Before treatment, the fish of group 1 (n = 10) ranged in weight from 35 to 62 g, and the refractive error difference between the two eyes of each fish averaged +0.64 ± 0.21 D (mean ± SEM). The right eyes were slightly but significantly more hyperopic than the left eyes (right: +3.87 ± 0.33 D; left: +3.23 ± 0.30 D; paired t-test, n = 10, P = 0.01; Fig. 1 , top). After 4 weeks of treatment, all the goggled eyes showed significant myopia (−8.53 ± 2.12 D; mean ± SEM), with the refractive error difference between the two eyes ranging from −3.76 to −26.32 D (paired t-test, n = 10, P < 0.005; Fig. 1 , top). 
Experiment 2.
In experiment 2 (n = 8), the goggled eyes also showed development of significant myopia after 4 weeks of treatment (Fig. 2) . In this case, the induced myopia averaged −13.63 ± 2.30 D (paired t-test, P = 0.0006; Fig. 1 , bottom), which is higher than the induced myopia in the first group.

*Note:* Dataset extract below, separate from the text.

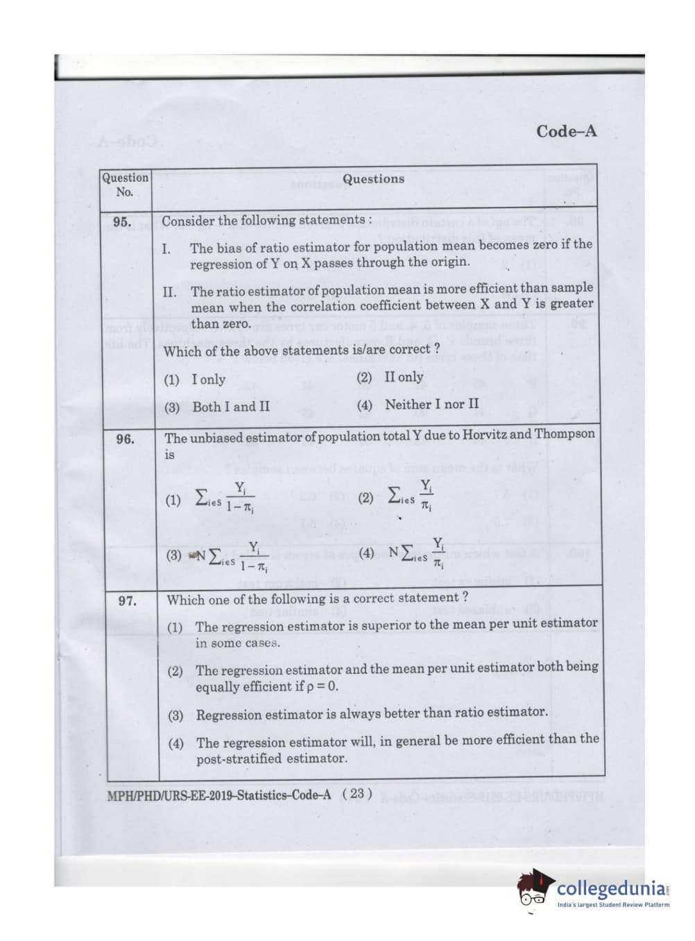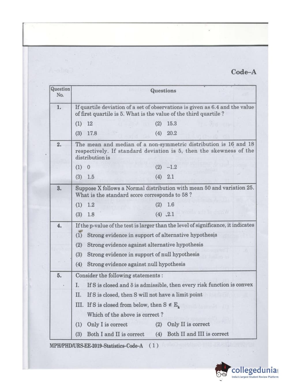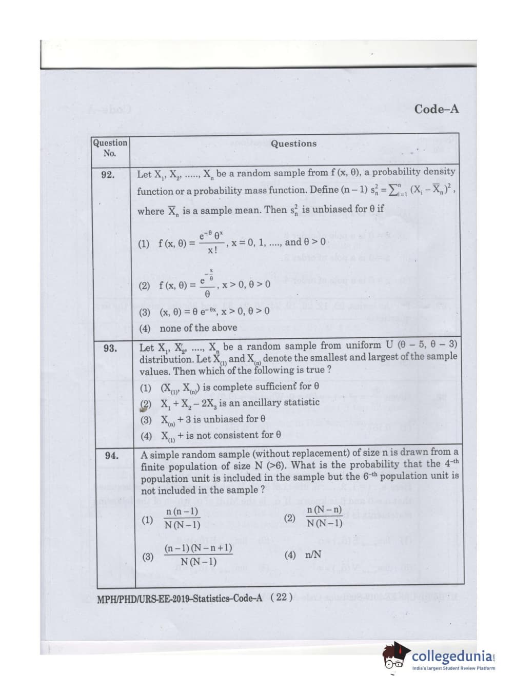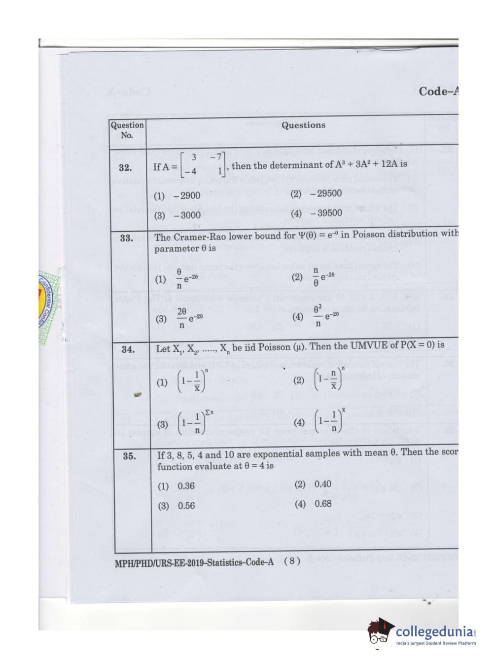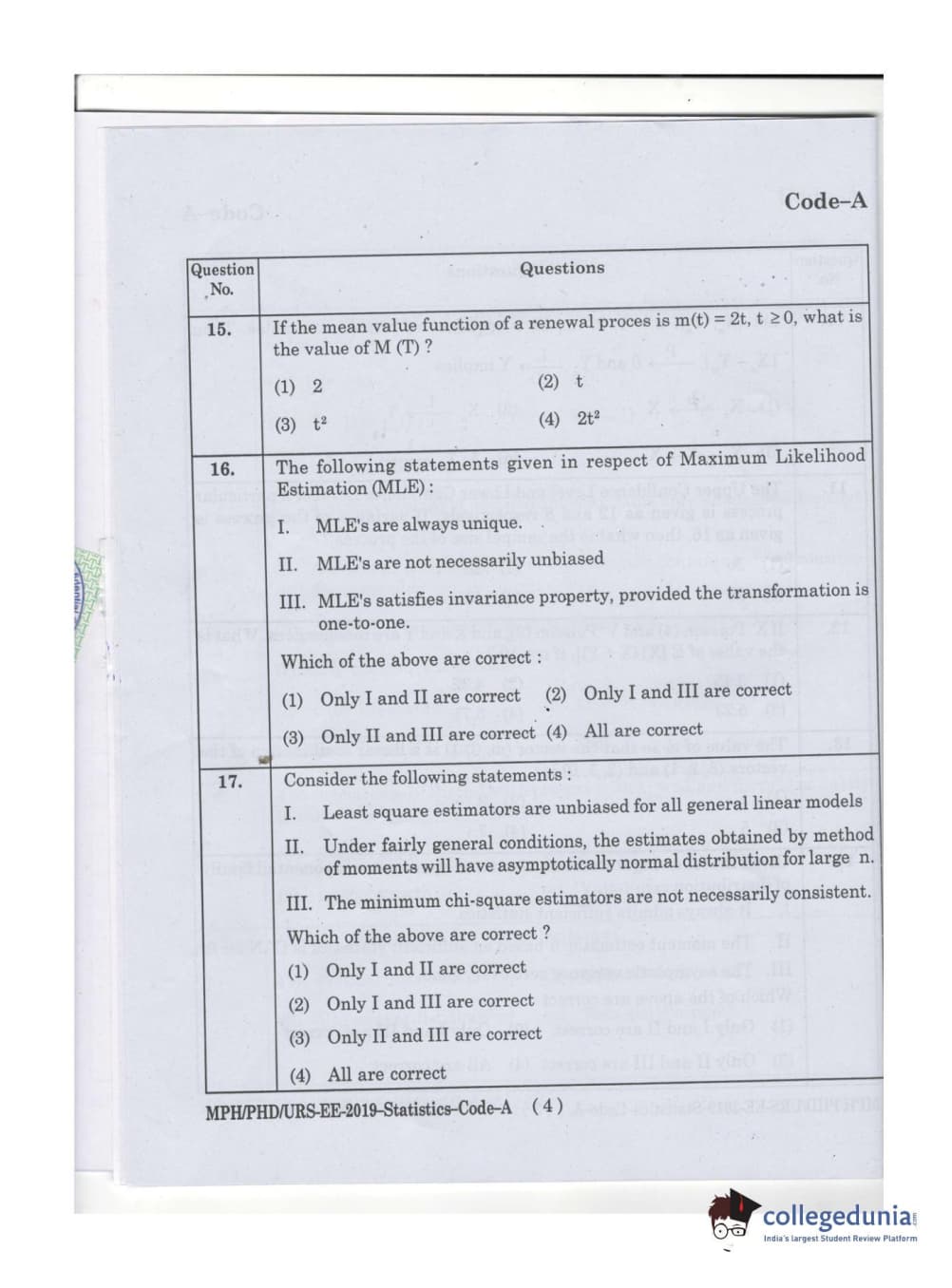 MDUCEE 2019 Ph.D./M.Phil./URS Statistcs Set A Question Paper with Answer Key PDFs

We assume that this difference is due to improvements in our ability to suture and keep the goggles on. 
Experiment 3.
In experiment 3, no significant difference in refractive error difference was found between the pretreatment eyes of both the goggled and nongoggled groups of fish (both n = 9; ANOVA, P = 0.769). The treated eyes of the goggled group showed −10.90 ± 1.70 D myopia after being treated for 28 days (ANOVA, post hoc tests [LSD], and P < 0.0008). The fish showed complete recovery from myopia within 5 days (Fig. 2) . During the recovery period, the refractive measurements of the goggle-treated eyes became less variable. 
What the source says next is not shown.